PZ’s Podcast: Requiem, Bishop Ryle, and J.C. Ryle Considered

Episode 106: Requiem The alternate title for this cast is: “I Feel Like I Lose […]

Mockingbird / 6.4.12

Episode 106: Requiem

The alternate title for this cast is: “I Feel Like I Lose When I Win” (ABBA Bizarro).

Happiness is no dice for the ego, our “person” we think is us, always looking back over their shoulder. And not just at all the attacks that are coming, by definition; but especially at Death. Happiness can be no dice for the ego. (Say it isn’t so.)

Let’s “Have His Carcase” (Dorothy L. Sayers) then, and have done with it!

It happened to Elspeth Schragmueller, also known as “Fraulein Doktor”. Or at least it happened to her in the movies. It’s an excellent learning, from an amazing movie. Incidentally, that movie also had to die. It completely disappeared after it was made, and you were lucky if you ever happened to see it, by chance. Yet there it stands (or sits), containing a monumental theme of life and made fragrant by the most exquisite music. You could title Ennio Morricone’s theme for ‘Fraulein Doktor’ a requiem for the ego. That’s what I call it, and you get to hear it at the end of this cast.

Isn’t it interesting, too, that ABBA captured the Theology of the Cross so exactly: “I feel like I win when I lose”. Now all you need to do is turn that Fordeian “apophthegm” round (Round Round, Baby, Right Round) and you get: a Theology of Glory. Hence this week’s alternate title.

Episode 107: Bishop Ryle

John Charles Ryle, a leader of the Evangelical Party in the Church of England, lived from 1816 to 1900, and was Bishop of Liverpool beginning in l880. He is a well known figure to this day among evangelical Christians, and a man much to be admired. For 60 years he held up the Banner of Truth.
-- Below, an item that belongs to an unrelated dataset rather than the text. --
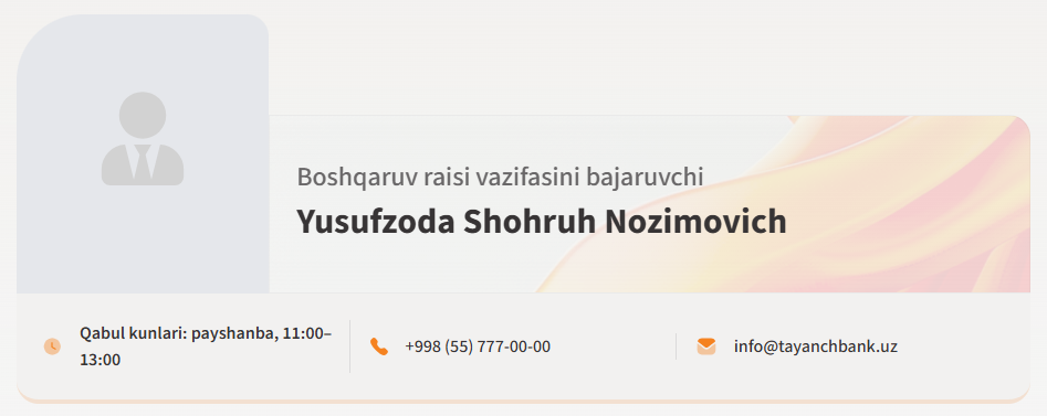 Ma’lumot uchun, Tayanch mikromoliya banki O‘zbekistondagi birinchi va ayni paytda yagona mikromoliya banki hisoblanadi.

I’ve always admired Ryle myself.

He also had some weaknesses, which carried some cost to his ministry. Once, when he was at Helmingham, a parish Mary and I have visited and which is now more famous for its garden than for its church, Ryle “shot himself in the foot”. He paid heavily for his mistake.

Later, when he was Bishop of Liverpool, he allowed a legal action to go forward against a Ritualist vicar that he could have intercepted. His ideological interests carried him away at the time, and he regretted this later.

He also opposed the construction of an Anglican cathedral for the growing “see city”, and could have handled that more nimbly.

On the plus side, J.C. Ryle was a terrific writer of plain English, and his theological tracts are as easy to read today as they were 150 years ago. He also was a ‘giant of a man with the heart of a child’. Ryle’s childlike heart was the best thing about him.

This podcast is dedicated to Fred Rogers.

Episode 108: J.C. Ryle Considered

I never stopped to weigh the man, or least not until recently. Bishop Ryle was a sort of dead father-figure to me, like John Stott might now become for next generations of rising Christian… hero worshippers.

On the one hand, J.C. Ryle has a lot to teach concerning a Gospel that “worships God in spirit and in truth”. He was in touch with the unmediated heart of the Protestant affirmation: Nothing Between.

On the other hand, he contained some “unevangelized dark continents”, tracts of himself that were apparently un-healed. I am referring to his segment of passionate anger, anger of the man that became attached to the cause.
I honestly believe that if Bishop Ryle were able to address us today — having died (in 1900) — he would agree with this. Does any one who is “incensed for the Lord” really think his or her incensed actions will win?

Podcast 108 looks at the man’s nobility, which was real; and also at his reactivity, if I could put it that way, and the the deficit it became.

Note the Joe Meek recording at the end of the cast, which distills the good. (You can hear Meek’s voice at the start.)